It could happen to any of us. Taylor brought her tapes in and got produced. Kids today just sign a blanket release with YouTube and start collecting the ad revenue.

They can pull the videos any time. Years from now, the hosting platforms may exploit the material for their own promotional purposes that nobody has even thought about yet.

It’s worth making room in the contract for resolving issues that aren’t explicitly laid out. What happens when the company gets sold or when the performer wants to buy out?

Good contracts create space to answer those questions. Taylor could have negotiated right of first refusal in the event of a change of corporate ownership.

At the time it would have been purely hypothetical, just a cosmetic scenario. The label would have been happy to build it into the paperwork. Nobody was thinking about a sale then.

That’s the problem. Companies get bought and sold all the time and the assets change hands. It’s part of life. But nobody was thinking about it when Taylor’s father signed over the rights.

She’s no longer a partner

Taylor’s father is her business manager and was also a minority shareholder in the label, with at best a 4% stake in the sale.

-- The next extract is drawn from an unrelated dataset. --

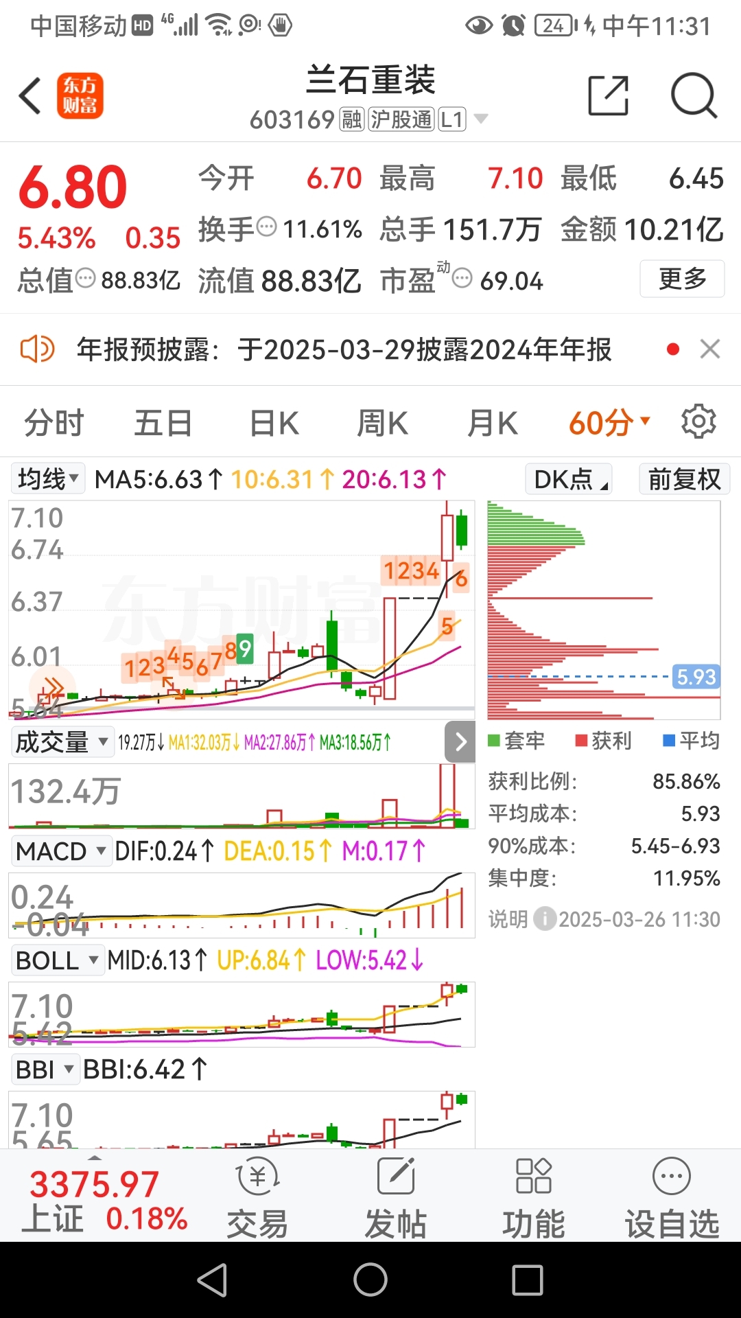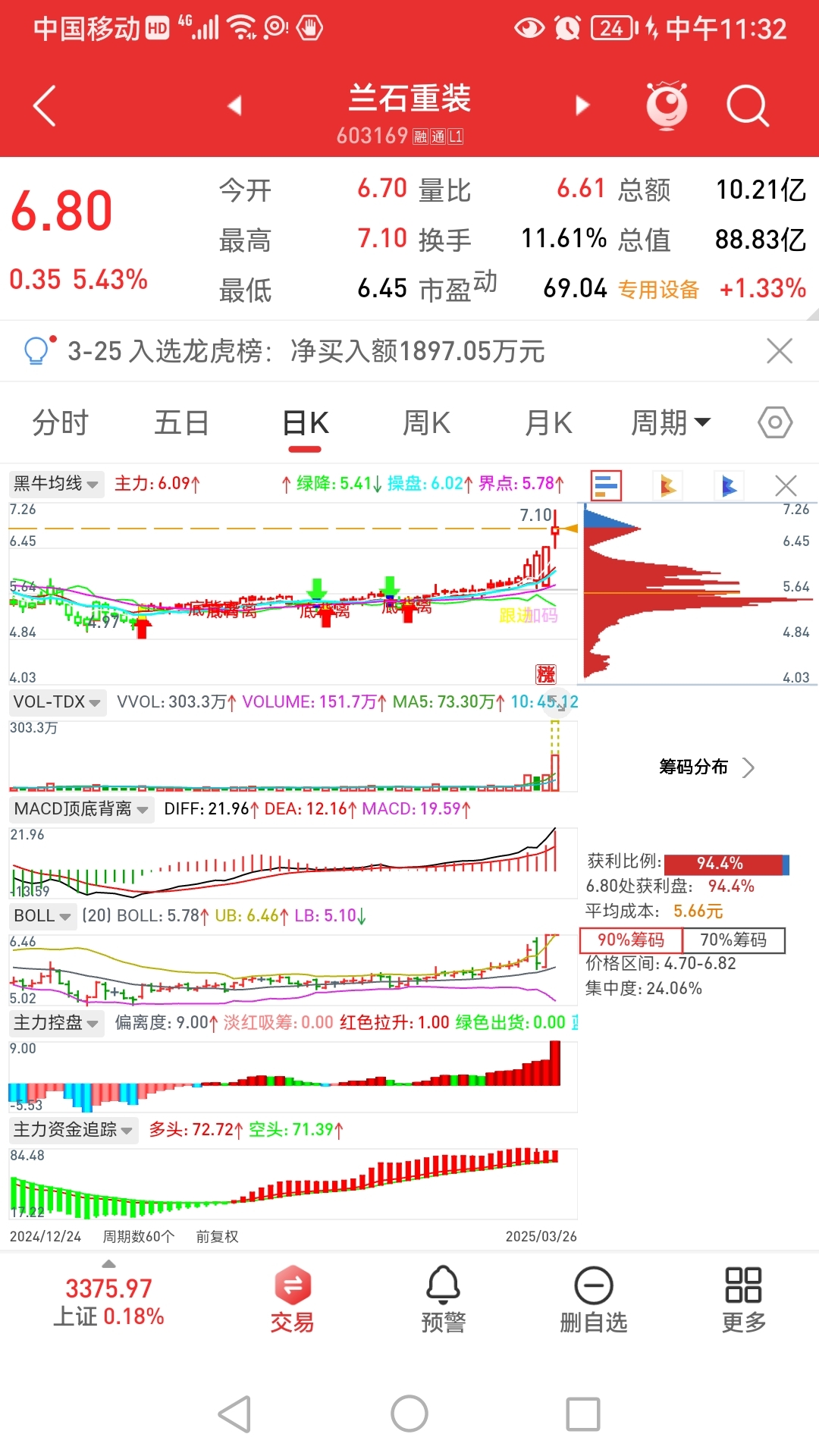 竞价分时不太好,竞价就给整出去[微笑]...卖早了点;早盘封了烂板,目前短线很强

He opted out of the acquisition negotiations because it looked like a conflict of interest to hear about talks that could affect his daughter / client.

That’s right. It was a conflict of interest, but if she was in the partner chair instead, it never would have happened.

Again, it’s water under the bridge at this point. Dad has been squeezed out of the new company and there probably wasn’t any way she could’ve made much stink before the sale.

She’d already left the label and those old albums behind. With her gone, she had no leverage and the label’s acquisition value had peaked. 

It was practically inevitable at that point. What shocked her was the person who ended up buying the albums.